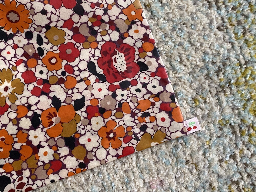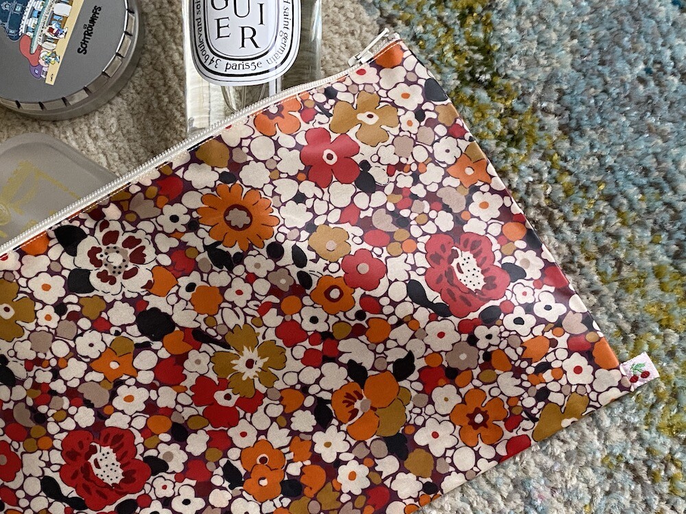 천으로 된 꽃무늬 원단 겉면에 합성수지 코팅을 하여 생활 방수가 가능한 파우치예요(물에 완전히 담그는 건 박음질 선을 통한 물샘이 있습니다). 꽃무늬가 오밀조밀 예쁘고, 작아 보이지만 생각보다 많이 넣을 수 있어 실용적으로 사용하실 수 있으실 거예요.
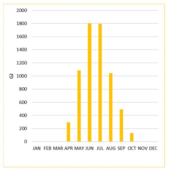 Research work by Mandal et al. [42], Ozkan et al. [43], and Unakitan et al. [44] gives the energy equivalent of human labor in agricultural works (=1.96 MJ/h/farmer); EUROSTAT gives the average annual work effort for Greece in the agricultural sector (=416.9 h); and the Hellenic Statistical Service gives the number of farmers that work on the agricultural land (=20 farmers/km2). It is assumed that all different crop types demand the same work effort and that the effort is uniformly distributed during the year. The annual energy equivalent for human labor is estimated as being equal to 311 GJ, or 15.3 GJ/km2.
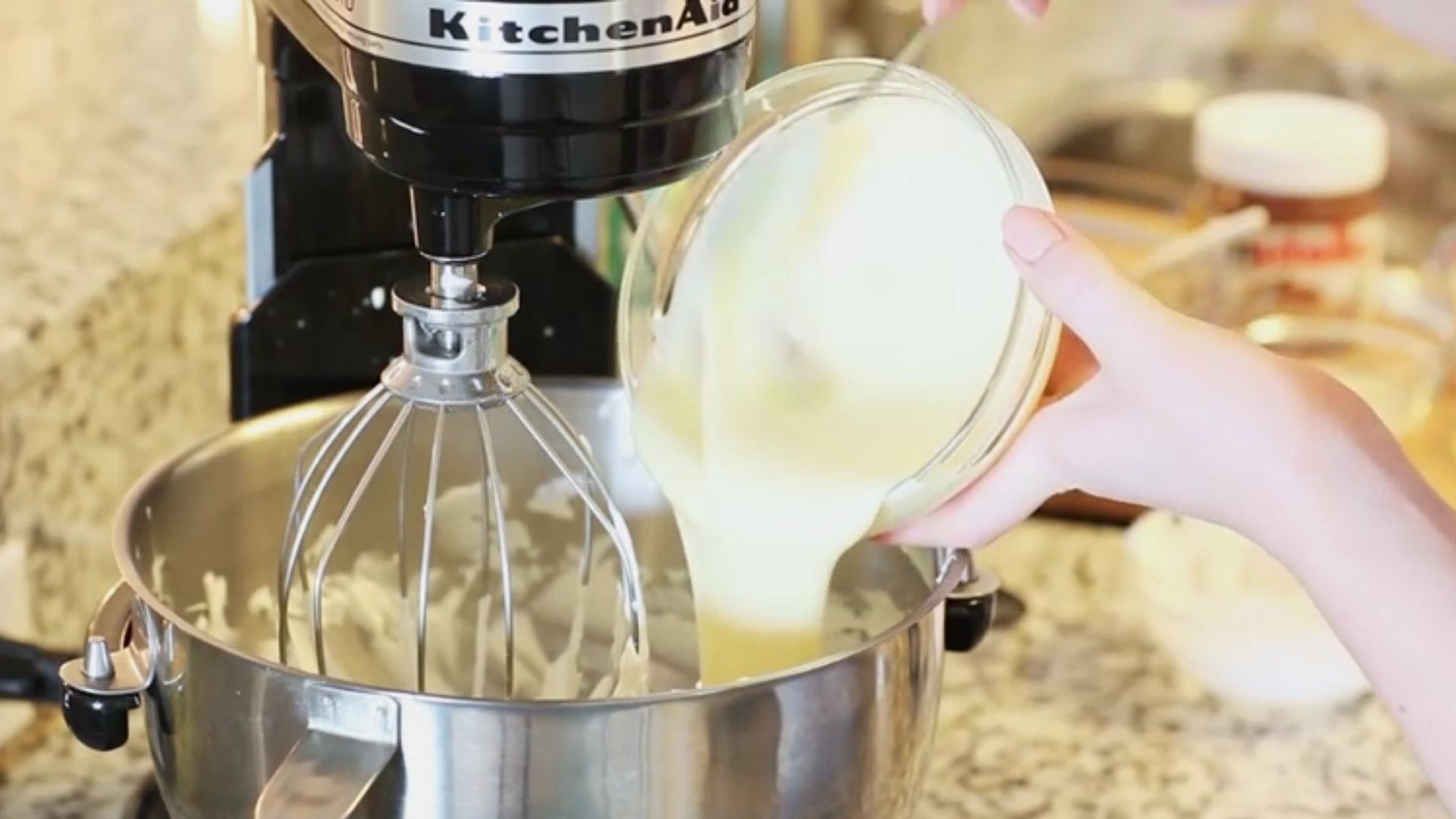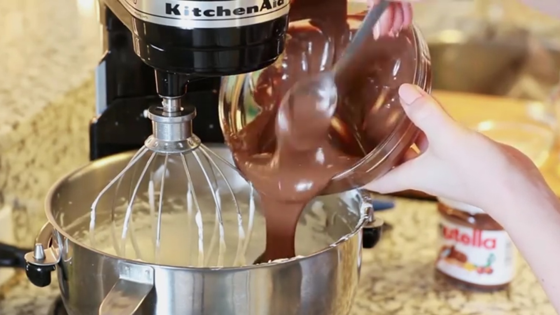 Jetzt gibst du noch das Vanille-Extrakt und die Nuss-Nougat-Creme dazu. Sollte die Nougat-Creme zu fest sein, kannst du sie ganz kurz in der Mikrowelle erhitzen.
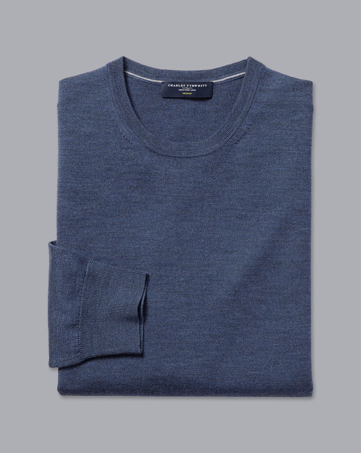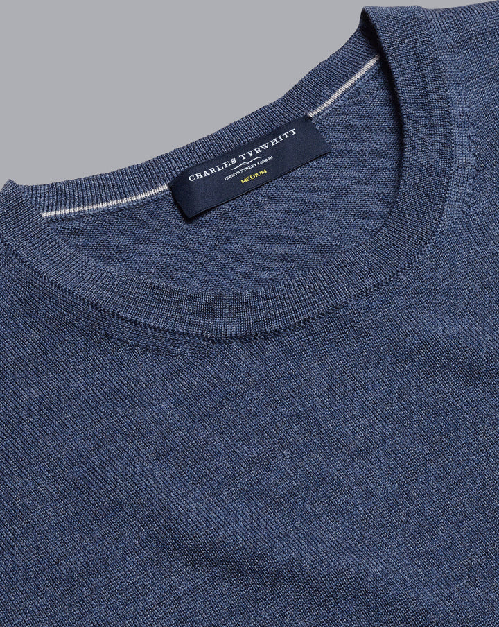 Indigo Blue Melange Pure Merino Crew Neck Jumper

▬▬▬

Exercise details
Copy each line of the material above exactly, but not the images.

Task result
 천으로 된 꽃무늬 원단 겉면에 합성수지 코팅을 하여 생활 방수가 가능한 파우치예요(물에 완전히 담그는 건 박음질 선을 통한 물샘이 있습니다). 꽃무늬가 오밀조밀 예쁘고, 작아 보이지만 생각보다 많이 넣을 수 있어 실용적으로 사용하실 수 있으실 거예요.
 Research work by Mandal et al. [42], Ozkan et al. [43], and Unakitan et al. [44] gives the energy equivalent of human labor in agricultural works (=1.96 MJ/h/farmer); EUROSTAT gives the average annual work effort for Greece in the agricultural sector (=416.9 h); and the Hellenic Statistical Service gives the number of farmers that work on the agricultural land (=20 farmers/km2). It is assumed that all different crop types demand the same work effort and that the effort is uniformly distributed during the year. The annual energy equivalent for human labor is estimated as being equal to 311 GJ, or 15.3 GJ/km2.
 Jetzt gibst du noch das Vanille-Extrakt und die Nuss-Nougat-Creme dazu. Sollte die Nougat-Creme zu fest sein, kannst du sie ganz kurz in der Mikrowelle erhitzen.
 Indigo Blue Melange Pure Merino Crew Neck Jumper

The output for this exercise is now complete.